Pedro – As coisas estão, como no cinema, no campo da percepção e a imagem. E isso tem muito no filme. A gente tem um tipo de informação que é o que as pessoas falam, que é a entrevista. Mas há outra informação diluída ao longo do filme que está no campo visual. Ou seja, eu não preciso falar que a casa dele foi adaptada, porque ele tem um elevador no meio da casa dele.

Arquivo
Herbert, antes do acidente. Hoje ele diz que não prestava verdadeira atenção à plateia
ÉPOCA – Mas isso eu vi no filme. E as outras coisas pessoais?
Pedro – Então, vamos mostrar a casa dele, mas isso está dentro do contexto do perscurso dele ir buscar a guitarra (cena em que ele vai do quintal ao elevador para descer ao estúdio e pegar a guitarra). Mas nesse pequeno percurso tinha muitas coisas, como o elevador, a rampa na sala... Por exemplo, a condição de vida dele, como é que o cara está? Como o cara é? Tem uma música no filme que é "Ponto de Vista": "você não deve saber como é o mundo aos olhos de quem sofre ao se mover"...
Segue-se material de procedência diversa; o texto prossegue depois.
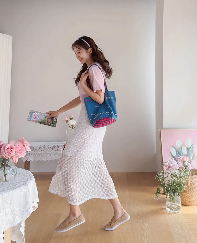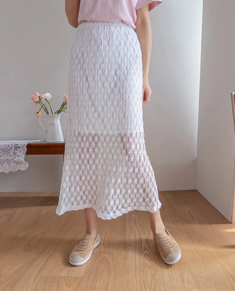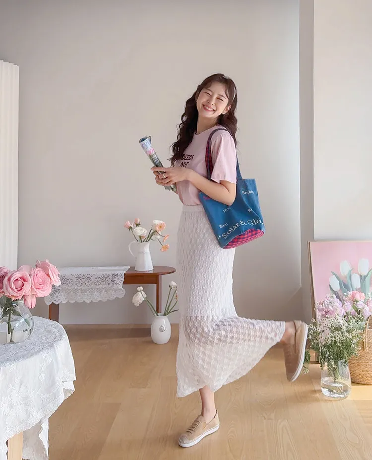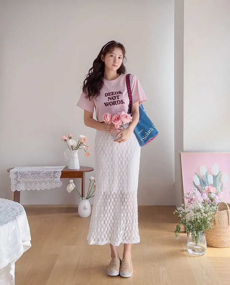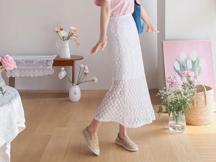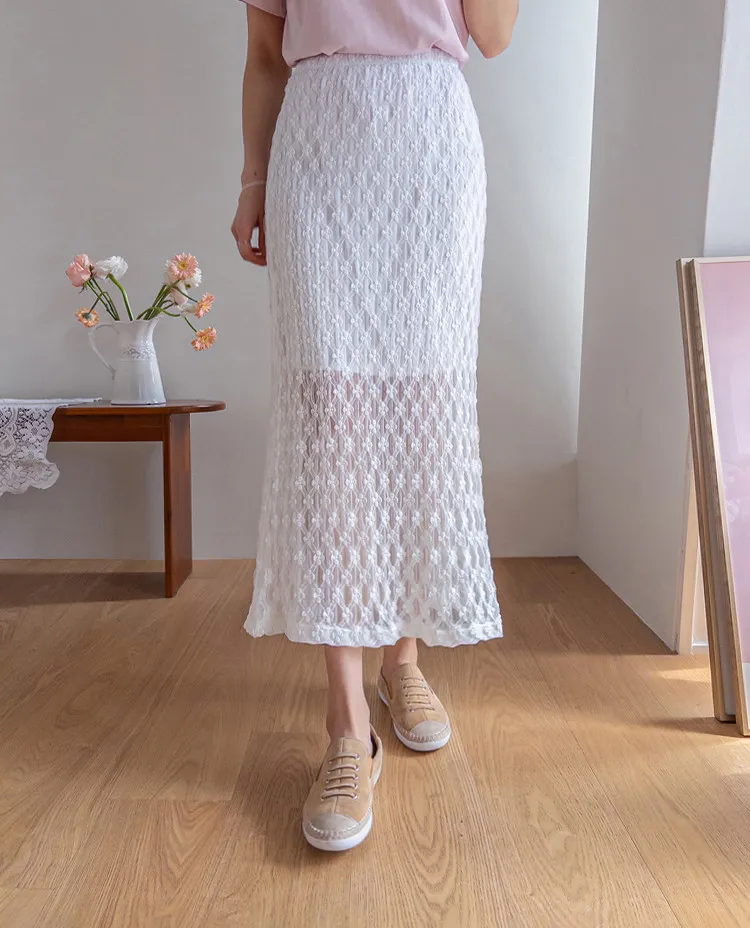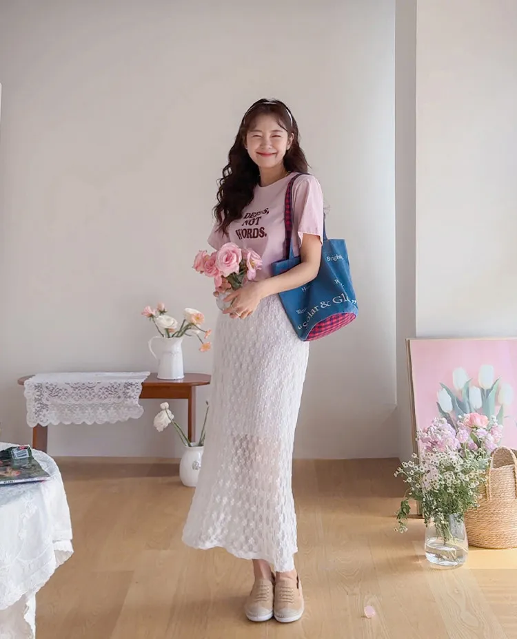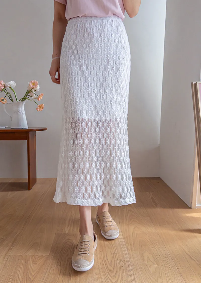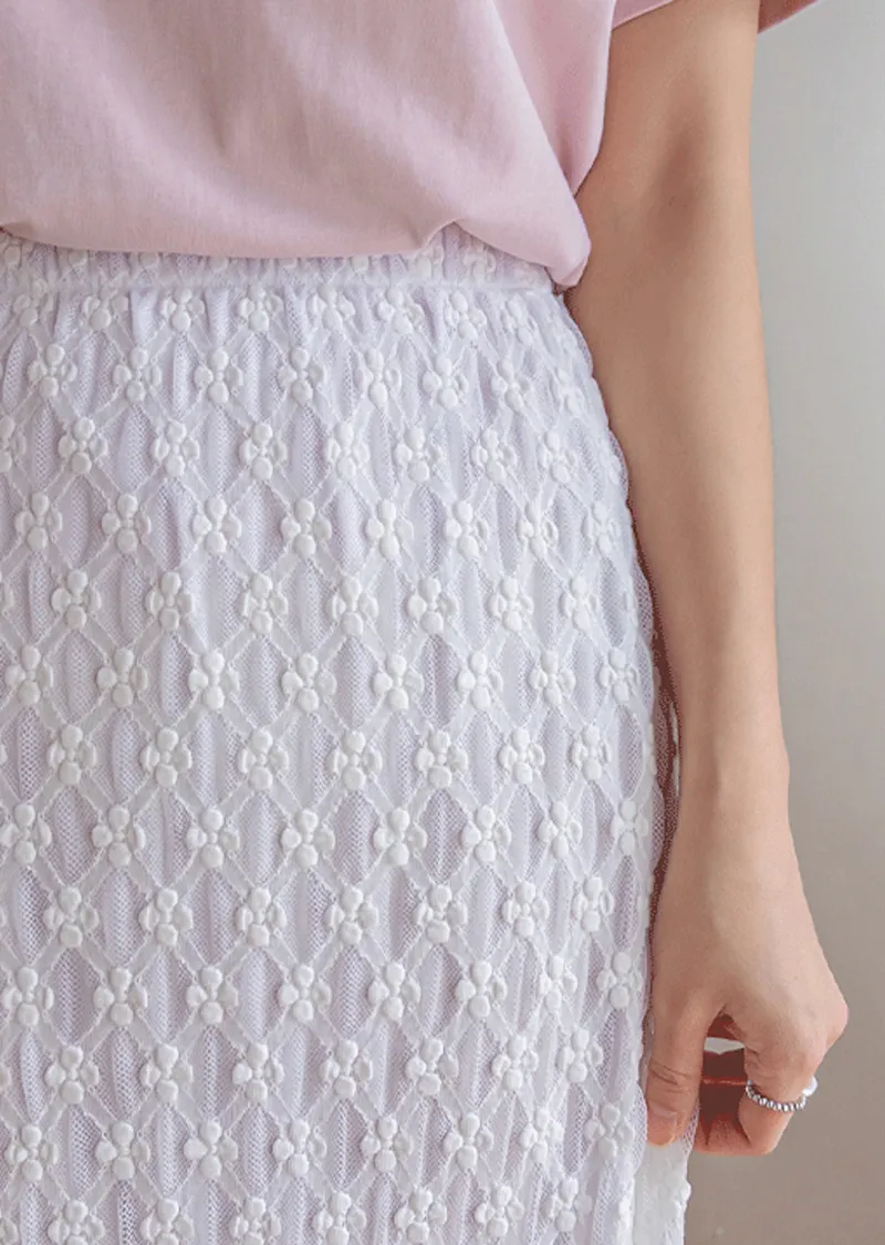 柔美氣質花朵蕾絲飄逸裙擺中長裙

Roberto – E a música é como se fosse uma entrevista.

Pedro – A condição da memória, por exemplo, não temos uma pergunta para ele no depoimento, mas isso está no momento em que estamos com ele dentro do banheiro, que ele fala um pouco da memória. Ou na entrevista no hospital Sarah (Hospital Sarah Kubitschek, em Brasília), as coisas estão ali. Mas como aquilo requer um cuidado, a gente tentou de outras formas.

ÉPOCA – Como vocês trataram essa questão pessoal sem parecer revista de fofoca?
Roberto – Eu acho que isso está um pouco... Ele tem alguma autonomia, ele tem um carro que é todo adaptado, mas ele é cercado de gente. Ele tem o luxo de ter gente em volta dele. Agora, recentemente, ele disse "eu sou um sortudo. Não tenho os problemas que os cadeirantes têm". Porque ele vai e tem um staff que resolve tudo.

ÉPOCA – A mãe dele está morando com ele, né?
Roberto – Está, é ela quem está organizando a casa.

ÉPOCA – E os filhos moram lá?
Roberto – Moram lá.

Pedro – Há várias formas de se olhar a intimidade.

ÉPOCA – Você quiseram falar mais sobre a vida artística dele, em vez da pessoal?
Roberto – A gente quis fazer uma mistura das duas coisas. Essa mudança, esse baque, como a família reagiu, como os amigos reagiram...

Pedro – As coisas se misturam quando fala de Herbert, a vida artística e a vida pessoal. As músicas dele são fruto de uma experiência pessoal dele. Pouca gente se expõe assim como ele. Por isso que toca fundo as pessoas, porque fala do coração.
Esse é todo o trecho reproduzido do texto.